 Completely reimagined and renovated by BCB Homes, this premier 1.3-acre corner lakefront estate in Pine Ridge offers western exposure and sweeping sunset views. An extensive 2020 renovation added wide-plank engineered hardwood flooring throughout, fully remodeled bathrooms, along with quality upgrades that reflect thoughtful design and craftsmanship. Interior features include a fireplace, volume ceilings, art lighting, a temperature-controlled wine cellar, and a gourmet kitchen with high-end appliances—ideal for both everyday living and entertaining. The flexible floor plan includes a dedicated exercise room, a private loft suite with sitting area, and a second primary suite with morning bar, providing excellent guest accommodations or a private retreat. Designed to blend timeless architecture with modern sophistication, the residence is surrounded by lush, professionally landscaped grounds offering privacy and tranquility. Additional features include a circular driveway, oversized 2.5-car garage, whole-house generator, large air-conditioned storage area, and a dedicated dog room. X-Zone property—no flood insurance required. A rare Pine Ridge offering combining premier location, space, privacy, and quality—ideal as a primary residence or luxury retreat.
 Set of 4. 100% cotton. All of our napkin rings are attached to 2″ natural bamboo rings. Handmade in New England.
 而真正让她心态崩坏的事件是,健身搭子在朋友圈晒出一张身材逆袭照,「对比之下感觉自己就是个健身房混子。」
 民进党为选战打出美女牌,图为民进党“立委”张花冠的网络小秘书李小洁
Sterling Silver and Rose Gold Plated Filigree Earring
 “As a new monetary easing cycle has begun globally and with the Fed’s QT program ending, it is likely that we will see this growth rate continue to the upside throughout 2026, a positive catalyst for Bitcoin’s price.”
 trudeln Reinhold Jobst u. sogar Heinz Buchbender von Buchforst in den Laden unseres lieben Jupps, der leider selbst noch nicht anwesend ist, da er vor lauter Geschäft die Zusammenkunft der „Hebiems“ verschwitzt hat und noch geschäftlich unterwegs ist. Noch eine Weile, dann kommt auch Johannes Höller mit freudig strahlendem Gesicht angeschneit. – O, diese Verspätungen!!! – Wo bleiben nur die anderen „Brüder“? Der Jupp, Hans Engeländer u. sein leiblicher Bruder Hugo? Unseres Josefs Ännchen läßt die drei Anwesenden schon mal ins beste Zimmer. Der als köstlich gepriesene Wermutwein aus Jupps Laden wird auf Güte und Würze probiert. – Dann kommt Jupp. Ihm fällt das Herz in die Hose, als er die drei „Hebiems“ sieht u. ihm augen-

.....

Exercise details —
Your answer should be the lines from the one that contains "Set of 4. 100%" through the last line of the material, copied exactly.

Reply to the exercise —
 Set of 4. 100% cotton. All of our napkin rings are attached to 2″ natural bamboo rings. Handmade in New England.
 而真正让她心态崩坏的事件是,健身搭子在朋友圈晒出一张身材逆袭照,「对比之下感觉自己就是个健身房混子。」
 民进党为选战打出美女牌,图为民进党“立委”张花冠的网络小秘书李小洁
Sterling Silver and Rose Gold Plated Filigree Earring
 “As a new monetary easing cycle has begun globally and with the Fed’s QT program ending, it is likely that we will see this growth rate continue to the upside throughout 2026, a positive catalyst for Bitcoin’s price.”
 trudeln Reinhold Jobst u. sogar Heinz Buchbender von Buchforst in den Laden unseres lieben Jupps, der leider selbst noch nicht anwesend ist, da er vor lauter Geschäft die Zusammenkunft der „Hebiems“ verschwitzt hat und noch geschäftlich unterwegs ist. Noch eine Weile, dann kommt auch Johannes Höller mit freudig strahlendem Gesicht angeschneit. – O, diese Verspätungen!!! – Wo bleiben nur die anderen „Brüder“? Der Jupp, Hans Engeländer u. sein leiblicher Bruder Hugo? Unseres Josefs Ännchen läßt die drei Anwesenden schon mal ins beste Zimmer. Der als köstlich gepriesene Wermutwein aus Jupps Laden wird auf Güte und Würze probiert. – Dann kommt Jupp. Ihm fällt das Herz in die Hose, als er die drei „Hebiems“ sieht u. ihm augen-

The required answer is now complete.